=== Dataset ===

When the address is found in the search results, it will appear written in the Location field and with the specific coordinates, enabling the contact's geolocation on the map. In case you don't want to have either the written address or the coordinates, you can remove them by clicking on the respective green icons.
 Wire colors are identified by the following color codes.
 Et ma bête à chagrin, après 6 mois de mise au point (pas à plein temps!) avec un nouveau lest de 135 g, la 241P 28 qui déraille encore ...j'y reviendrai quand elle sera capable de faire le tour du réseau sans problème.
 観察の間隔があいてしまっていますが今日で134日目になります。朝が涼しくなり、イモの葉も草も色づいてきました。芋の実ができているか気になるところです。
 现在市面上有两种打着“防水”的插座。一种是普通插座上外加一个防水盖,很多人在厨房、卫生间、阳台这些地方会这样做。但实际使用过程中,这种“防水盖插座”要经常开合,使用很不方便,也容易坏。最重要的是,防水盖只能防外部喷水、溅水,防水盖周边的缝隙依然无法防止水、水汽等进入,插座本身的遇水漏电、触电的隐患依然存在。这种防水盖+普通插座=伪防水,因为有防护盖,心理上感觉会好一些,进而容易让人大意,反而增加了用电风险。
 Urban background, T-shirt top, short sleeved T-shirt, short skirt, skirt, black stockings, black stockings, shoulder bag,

===
=== Dataset ===

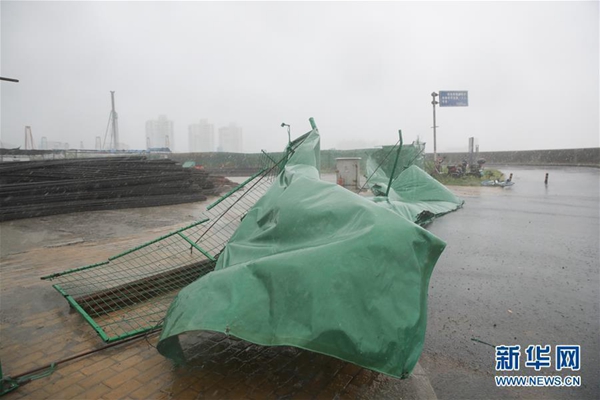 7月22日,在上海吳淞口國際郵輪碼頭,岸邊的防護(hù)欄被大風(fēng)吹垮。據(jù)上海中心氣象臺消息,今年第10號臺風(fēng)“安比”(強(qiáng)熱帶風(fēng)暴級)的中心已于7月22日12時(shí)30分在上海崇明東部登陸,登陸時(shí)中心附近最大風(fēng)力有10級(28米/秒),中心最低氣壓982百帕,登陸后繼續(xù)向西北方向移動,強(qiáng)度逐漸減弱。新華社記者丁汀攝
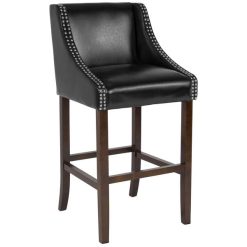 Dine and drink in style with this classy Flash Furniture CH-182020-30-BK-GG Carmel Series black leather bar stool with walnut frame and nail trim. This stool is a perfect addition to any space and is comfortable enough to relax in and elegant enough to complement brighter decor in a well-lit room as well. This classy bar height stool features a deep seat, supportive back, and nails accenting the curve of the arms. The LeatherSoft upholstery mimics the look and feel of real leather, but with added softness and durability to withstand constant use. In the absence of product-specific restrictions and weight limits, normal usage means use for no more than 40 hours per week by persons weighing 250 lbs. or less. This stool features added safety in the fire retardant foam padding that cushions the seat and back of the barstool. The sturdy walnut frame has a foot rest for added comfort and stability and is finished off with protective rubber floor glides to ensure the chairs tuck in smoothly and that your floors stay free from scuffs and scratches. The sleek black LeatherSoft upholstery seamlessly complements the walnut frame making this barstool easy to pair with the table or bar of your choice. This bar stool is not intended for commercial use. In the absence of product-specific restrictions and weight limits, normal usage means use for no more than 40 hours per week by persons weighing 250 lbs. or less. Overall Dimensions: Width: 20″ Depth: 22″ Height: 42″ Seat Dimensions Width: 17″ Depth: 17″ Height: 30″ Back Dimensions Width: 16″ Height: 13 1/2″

===
=== Dataset ===

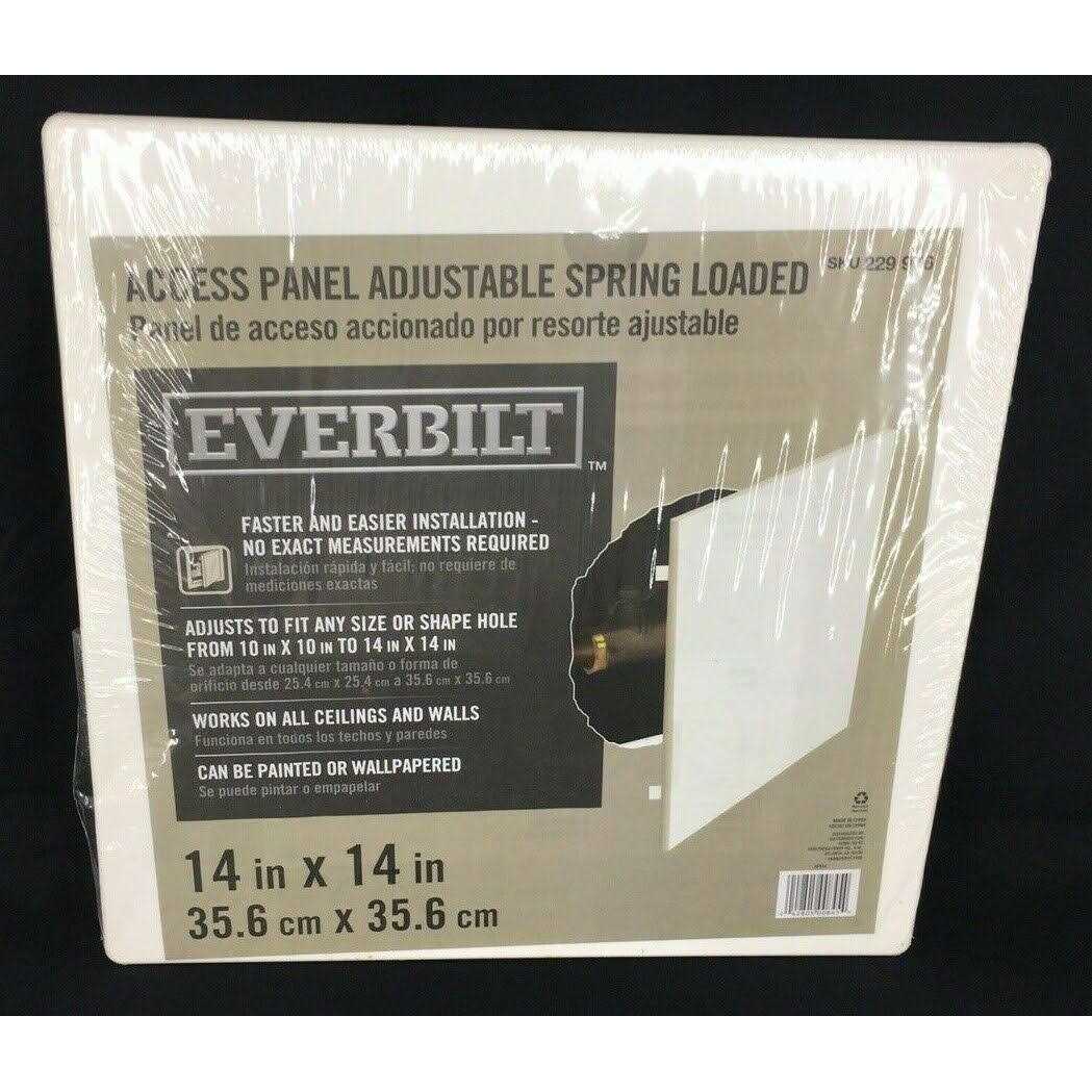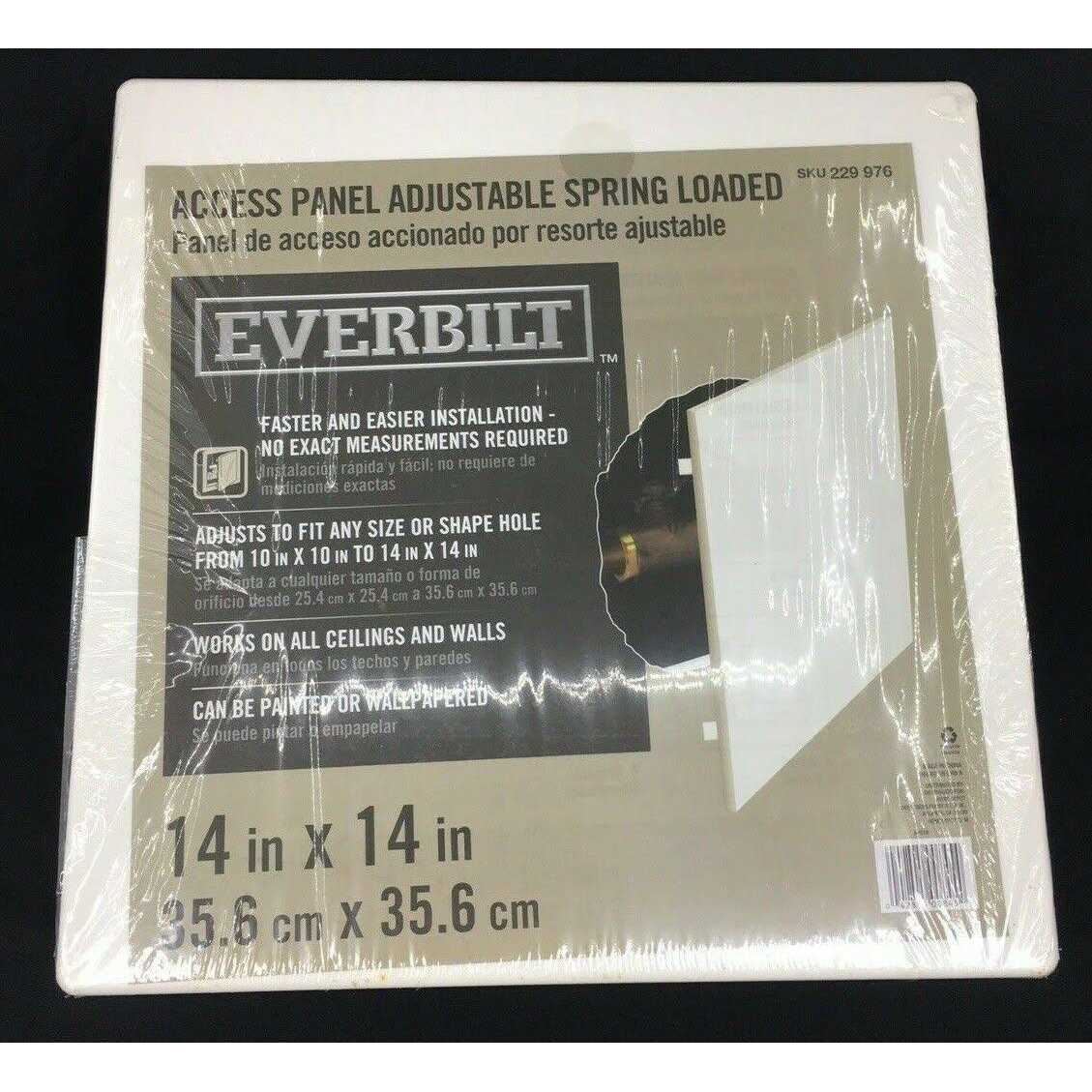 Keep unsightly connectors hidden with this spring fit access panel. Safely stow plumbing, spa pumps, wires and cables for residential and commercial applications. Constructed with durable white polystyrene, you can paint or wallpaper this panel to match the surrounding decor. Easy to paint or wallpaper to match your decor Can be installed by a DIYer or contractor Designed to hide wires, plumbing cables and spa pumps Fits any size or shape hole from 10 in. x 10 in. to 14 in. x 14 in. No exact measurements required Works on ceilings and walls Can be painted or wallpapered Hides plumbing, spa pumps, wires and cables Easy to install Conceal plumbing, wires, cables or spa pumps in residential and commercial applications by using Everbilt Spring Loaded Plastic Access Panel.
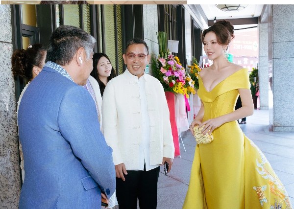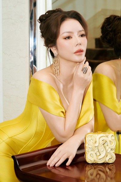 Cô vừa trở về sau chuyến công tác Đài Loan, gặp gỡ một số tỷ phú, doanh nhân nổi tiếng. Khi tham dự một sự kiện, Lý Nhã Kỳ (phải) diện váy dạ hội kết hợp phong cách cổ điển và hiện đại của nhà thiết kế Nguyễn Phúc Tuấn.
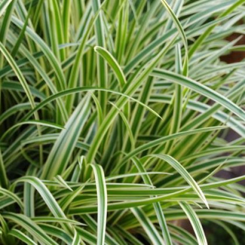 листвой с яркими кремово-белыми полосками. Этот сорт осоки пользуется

===

**What to work on:** Print, exactly, each line above from the one with "Cô vừa trở về" to the one with "листвой с яркими", end lines included. Leave pictures out of it.

**Exercise result:**
 Cô vừa trở về sau chuyến công tác Đài Loan, gặp gỡ một số tỷ phú, doanh nhân nổi tiếng. Khi tham dự một sự kiện, Lý Nhã Kỳ (phải) diện váy dạ hội kết hợp phong cách cổ điển và hiện đại của nhà thiết kế Nguyễn Phúc Tuấn.
 листвой с яркими кремово-белыми полосками. Этот сорт осоки пользуется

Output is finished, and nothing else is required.